§ Problem to work on
Copy exactly the lines from the one containing "設備在檢修,元件裝拆更換后出" through the last line of the records below, including both, and leave out any pictures.

Stored records
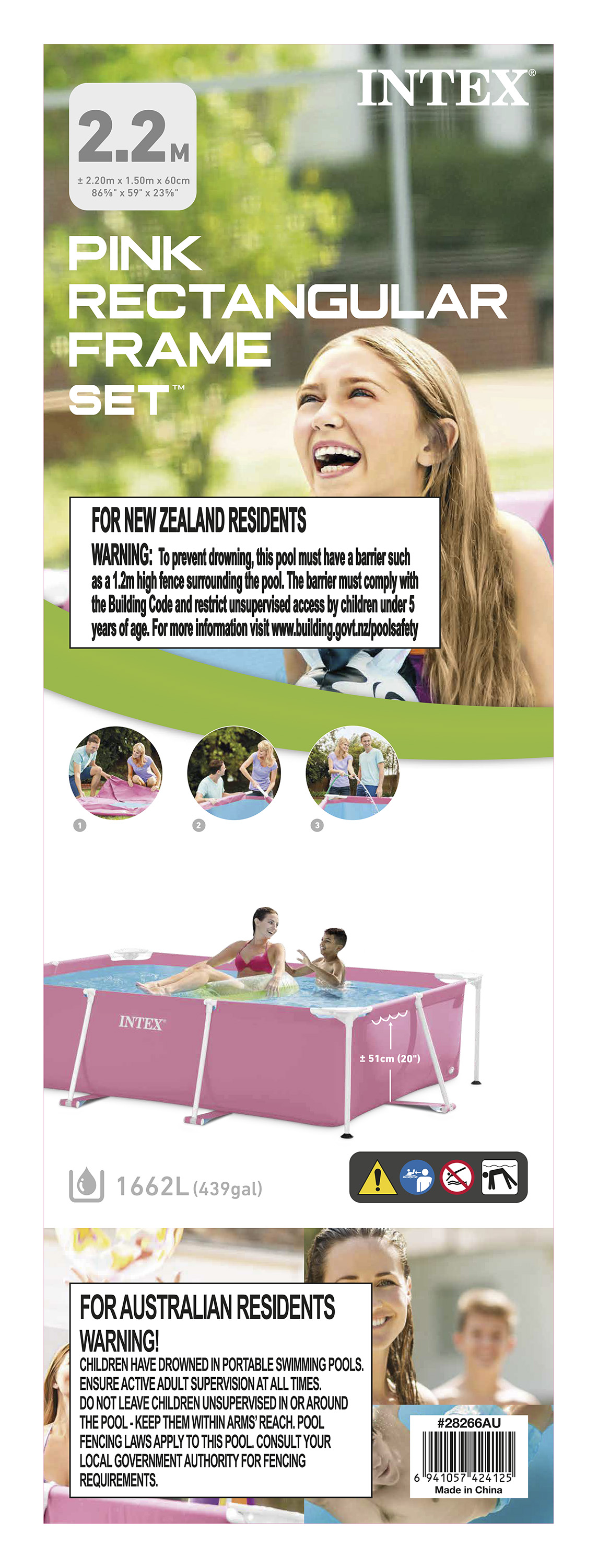 Splash away in our new Pink Rectangular Frame Pool! Perfectly sized for smaller spaces and families, this pool is supported by strong, durable steel frames and laminated sidewalls. Added features include a convenient drain plug and connection holes for optional filter pumps. Pink paradise awaits!
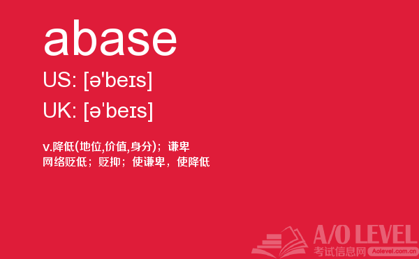 随著学生的素质提升,各大A-level课程培训班的师资和英国A-level题库也不断的完善,近年来学生考出来A-level分数也不断上涨。但是去英国留学,对英国留学资讯和英国的A-level考试资讯都是需要了解的,下面一起跟着A/O-level考试网来看看A-level词汇之abase的详细介绍。如果您想了解alevel培训机构,考alevel有必要吗,alevel经济真题,国内alevel学校等关于A-level考试的相关资讯,请继续浏览并关注课窝A/O-level考试网。
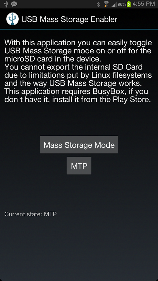 SG USB Mass Storage Enabler - приложение для активации режима накопителя для смартфонов Sony и Samsung.
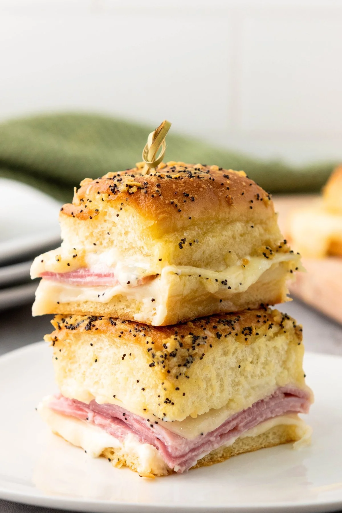 These Hot Ham & Cheese Sliders are the ultimate party food! Made with sweet Hawaiian rolls, melted Swiss cheese, and a buttery Dijon poppy seed glaze, they're perfect for game day, birthdays or an easy weeknight dinner.
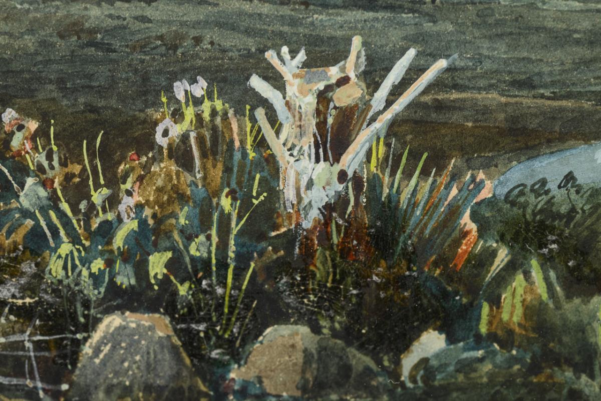Staffage figures in front of the croft with a view of the plain under a slightly overcast sky. Small tear to the edge, traces of age.
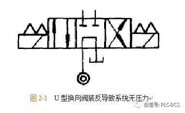 設備在檢修,元件裝拆更換后出現壓力為零現象,可能原因如下:液壓泵未裝緊,不能形成工作容積;液壓泵內未裝油,不能形成密封油膜;換向閥芯裝反;換向閥裝反,如果系統中有U型中位機能的換向閥,一旦裝反,便使系統泄壓(如圖2-1所示)。
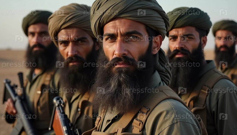 Группа вооруженных мужчин, одетых в традиционную одежду, стоит сплоченно, демонстрируя товарищество и готовность. Воинствующие мусульмане, похожие на Талибан или пакистанскую армию. Густая борода. Генеративный ИИ
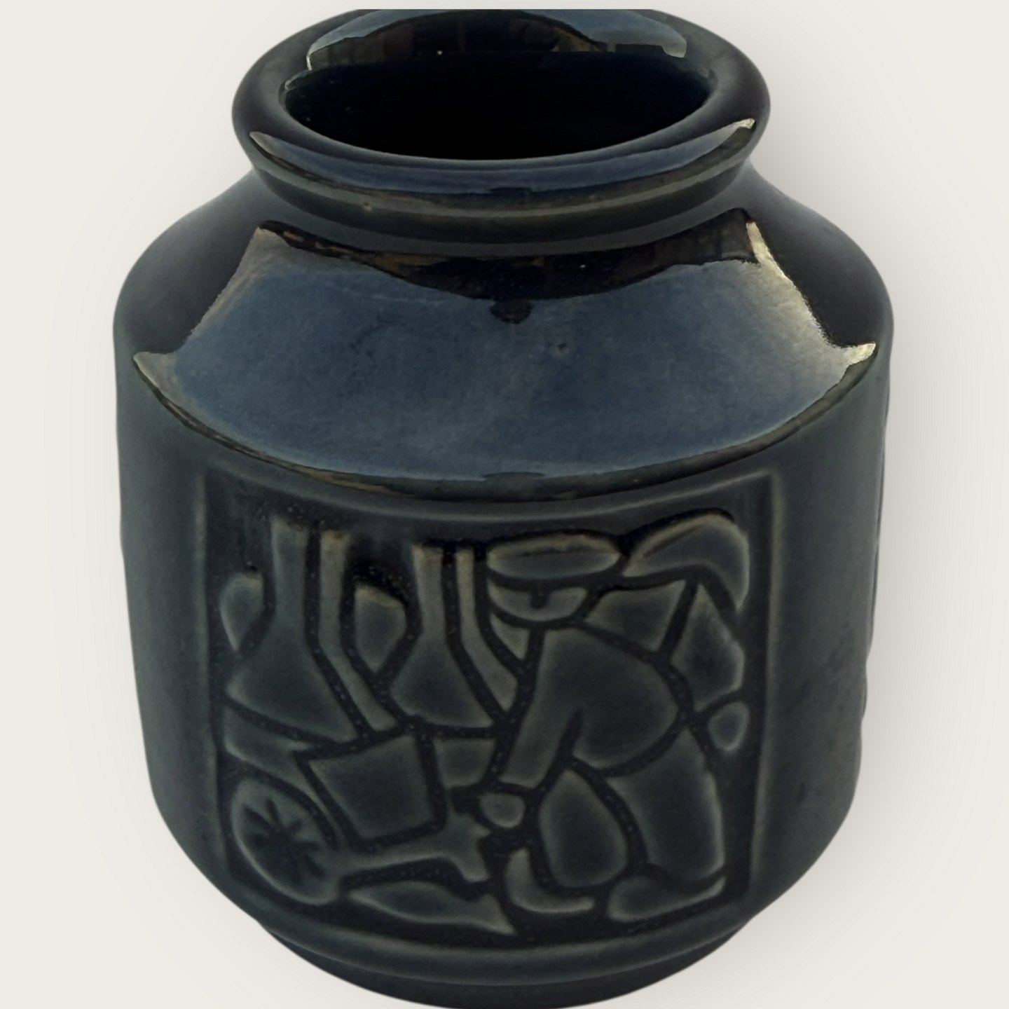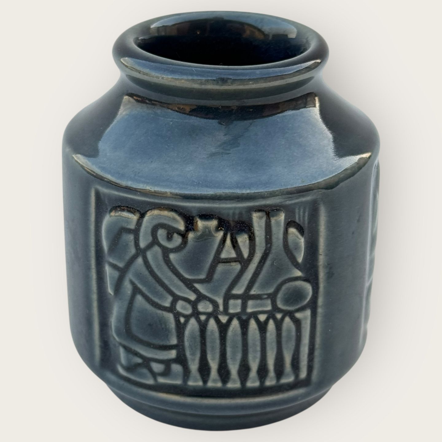 Bornholmer Keramik, Michael Andersen, Kleine Vase mit Motiven aus Bornholm, Räuchereien, Fischerfrauen usw. Höhe 8 cm, Durchmesser 6,5 cm, Nr. 6123, guter Zustand.
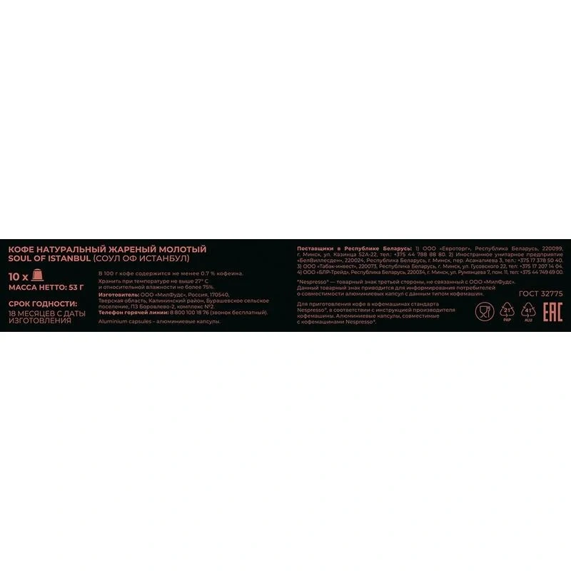 Кофе Poetti Soul of Istanbul в капсулах (5.3г x 10шт), 53г

§ Problem solution
 設備在檢修,元件裝拆更換后出現壓力為零現象,可能原因如下:液壓泵未裝緊,不能形成工作容積;液壓泵內未裝油,不能形成密封油膜;換向閥芯裝反;換向閥裝反,如果系統中有U型中位機能的換向閥,一旦裝反,便使系統泄壓(如圖2-1所示)。
 Группа вооруженных мужчин, одетых в традиционную одежду, стоит сплоченно, демонстрируя товарищество и готовность. Воинствующие мусульмане, похожие на Талибан или пакистанскую армию. Густая борода. Генеративный ИИ
 Bornholmer Keramik, Michael Andersen, Kleine Vase mit Motiven aus Bornholm, Räuchereien, Fischerfrauen usw. Höhe 8 cm, Durchmesser 6,5 cm, Nr. 6123, guter Zustand.
 Кофе Poetti Soul of Istanbul в капсулах (5.3г x 10шт), 53г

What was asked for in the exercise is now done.